Chrome DevTools MCP gives Claude direct control over a Chrome browser. Write a prompt to ask it to click elements, fill forms, take screenshots, check console for JavaScript errors, navigate pages, run JavaScript, monitor network requests, and run performance traces. It’s browser automation through conversation, but the data Claude receives is an excellent debugging tool.

It can chew through the context window so, it pays to be very specific with your prompt.

How to install:

{
  "mcpServers": {
    "chrome-devtools": {
      "command": "npx",
      "args": ["-y", "chrome-devtools-mcp@latest"]
    }
  }
}

Note: this is Google’s official Chrome DevTools MCP, not a third-party wrapper. It collects usage statistics by default – add "--no-usage-statistics" to the args if you’d rather opt out.

Here’s more on the Chrome Dev Tools MCP.

Google Knowledge Graph

The Knowledge Graph MCP is probably the most niche tool on this list, but it fills a specific gap well. It gives Claude access to Google’s structured entity database – the same data that powers those info panels you see on the right side of Google search results.

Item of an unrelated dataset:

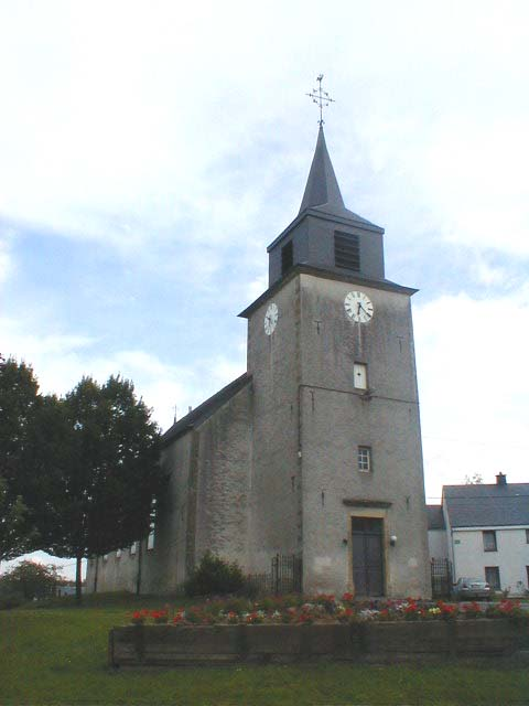 Church of Rulles (Belgium)
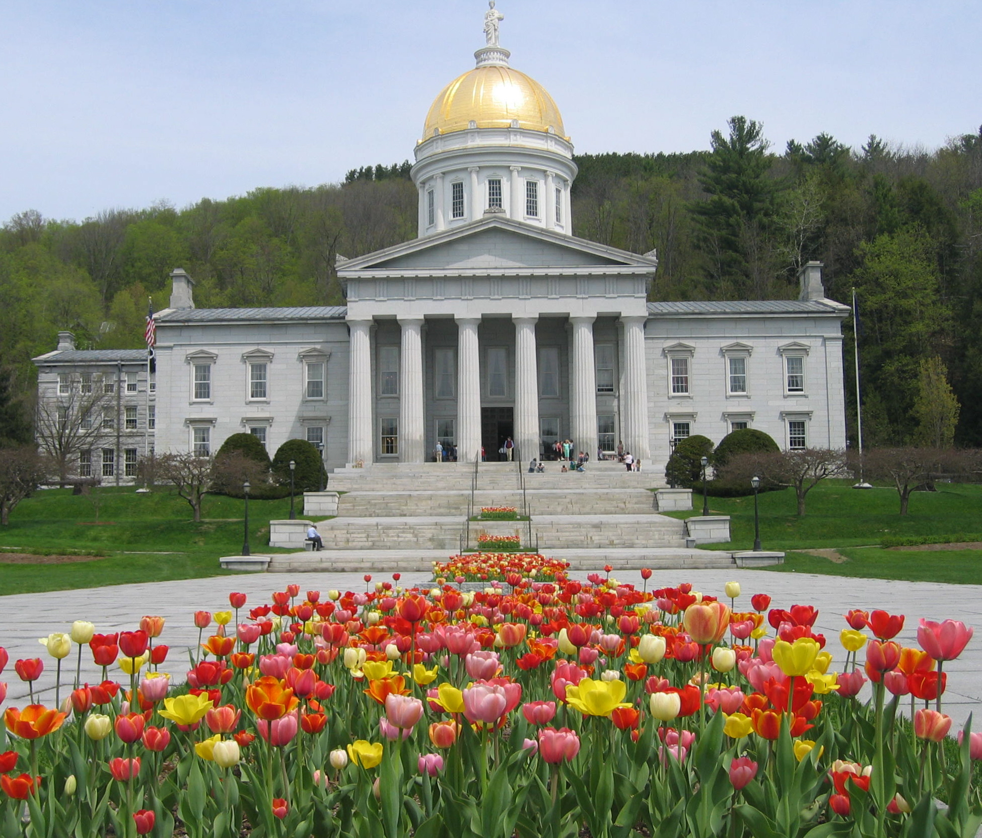 Vermont State House in spring

Google Knowledge Graph MCP
Google Knowledge Graph MCP (repo here)

I built this because I needed a way for Claude to verify entity information during research workflows. Google’s Knowledge Graph contains structured data about millions (billions?) of real-world entities – the same data that powers those knowledge panels in Google Search results.

The Knowledge Graph Search API has a generous free tier with 100,000 read calls per day per project. You just need to set up a Google Cloud API key. Most developers don’t seem to know this exists, which is odd given how useful it is.

This MCP gives Claude (or any MCP client) access to that database.

{
  "mcpServers": {
    "google-knowledge-graph": {
      "command": "npx",
      "args": ["-y", "@modelcontextprotocol/server-google-knowledge-graph"],
      "env": {
        "GOOGLE_KNOWLEDGE_GRAPH_API_KEY": "your-api-key"
      }
    }
  }
}


Gemini MCP

I think I’m saving the best till last here – my very own Gemini MCP. I really don’t think people realise yet, just how powerful it is for Claude to have an MCP connection to grounded Gemini results.

When we (Claude and I) get stuck on a bug, I tell Claude to check with Gemini. It’s so powerful for content research; checking facts and data.

Gemini MCP for Claude
Gemini MCP for Claude

Here’s more on the Gemini MCP

How to Install:

{
  "mcpServers": {
    "gemini": {
      "command": "npx",
      "args": ["@houtini/gemini-mcp"],
      "env": {
        "GEMINI_API_KEY": "your-api-key-here"
      }
    }
  }
}

You’ll need to get yourself a Gemini API key, which is easily done via Google AI Studio.